Rozdział ma ponad cztery tysiące słów, więc jeśli macie coś do zrobienia, to najpierw skończcie, a potem czytajcie :D Mam nadzieję, że użytkownicy aplikacji mobilnej nie będą mieli problemu z załadowaniem się całego rozdziału. 

---

       — Było dobre?

       — Co takiego?

       — Shioyaki.

       [____] uniosła brew. Kuroo zachowywał się jak nadąsane małe dziecko.

       — Możesz już przestać? To tylko kawałek ryby.

       Kuroo zatrzymał się i gwałtownie wciągnął powietrze.

       — Nie pojmujesz wspaniałości tego smaku!

       — Przymknij się. To nie moja wina, że jadłeś drugie śniadanie z kimś innym.

       — Przymknę się, jeśli mi powiesz, kto je robił.

       — Mój tata, czemu pytasz?

       Kuroo odetchnął z ulgą.

       — Nie wybaczyłbym sobie, gdybyś to ty je zrobiła, [____]-chan.

       Dziewczyna przewróciła oczami. Kątem oka zobaczyła pewną pierwszoklasistkę, która usiłowała dyskretnie przyglądać się jej i Kuroo.

       Usiłowała, to słowo klucz.

       — Kuroo, twoja koleżanka tam stoi.

       Chłopak przeniósł wzrok we wskazany przez [____] kierunek i pomachał.

       — Yo, Nakajima!

       Nakajima podskoczyła. Normalnie chciałaby zostać zauważoną, ale nie teraz, gdy Kuroo-senpai jest w towarzystwie tej dziewczyny. Odmachała nerwowo, po czym pobiegła do szkoły.
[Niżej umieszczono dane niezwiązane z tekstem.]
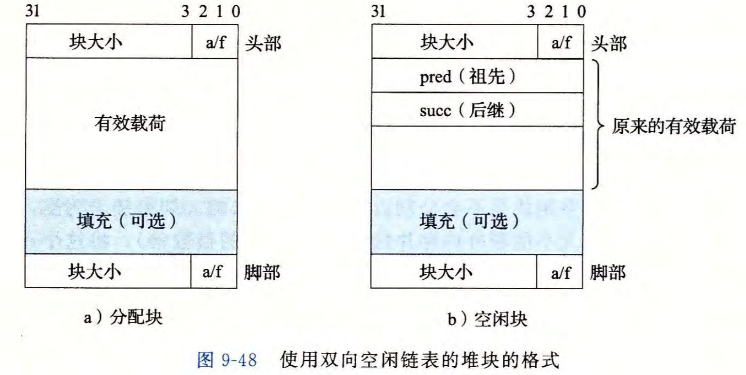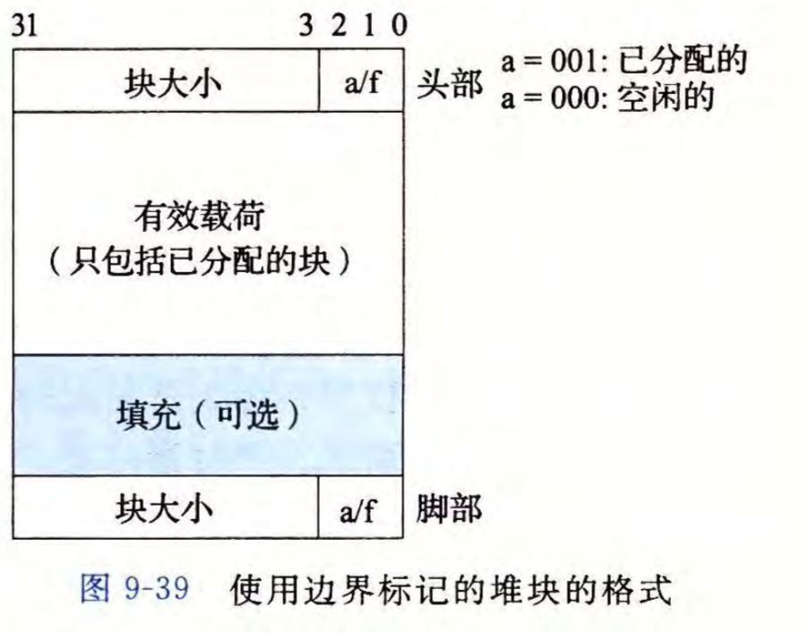 块开头和结尾的头部,脚部是完全相同的,大小都为1个字32位。前29位表示这个块的字节大小(头部与脚部地址的差),由于内存按8字节对齐,所以大小的后三位一定全为0,所以不需要显式地表示出来,可以用来存储其它的信息,比如这个块是空闲的还是已经被分配的。中间分别为这个块的有效载荷和填充。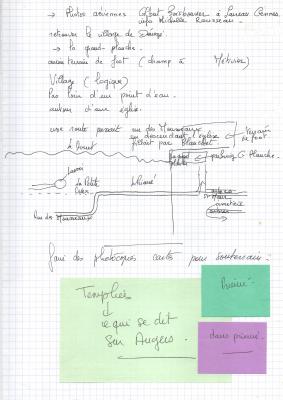 document manuscrit non daté avec un plan - auteru probable E. Lefort. Noms cités : - Gilbert Boisbouvier - Michelle Rousseau - la grand-planche - Métivier - rue des mousseaux - prieuré - la petite cro…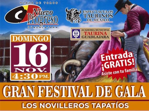 La empresa de la plaza "Nuevo Progreso", en conjunto con la Academia Taurina Municipal de Guadalajara, anuncia la celebración de un festival novilleril para el próximo domingo 16 de noviembre, a las 16:30 horas, integrado con la participación de seis espadas.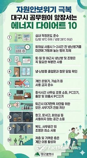 팩트메인뉴스 이훈 기자 | 대구광역시는 최근 중동 지역 분쟁으로 국제 유가와 에너지 수급 불안정성이 확대되고, 4월 8일부로 자원안보위기 ‘경계’ 단계가 발령됨에 따라 시민 생활 안정과 에너지절약을 위한 선도적 대응 조치로 ‘공직자 승용차 2부제’를 4월 8일부터 시행한다.

       — Więc to twoja nowa koleżanka? — spytała [____] patrząc w miejsce, w którym przed chwilą stała Nakajima.

       — Można tak powiedzieć. Nie martw się, [____]-chan, dzisiaj zjem z tobą~ — powiedział, pochylając się.

       — Rób, co chcesz — mruknęła.

       — Nie bądź taką kuudere, [____]-chan~. — Pstryknął ją w nos.

       — Przestań, Kuroo! Nie jestem kuudere!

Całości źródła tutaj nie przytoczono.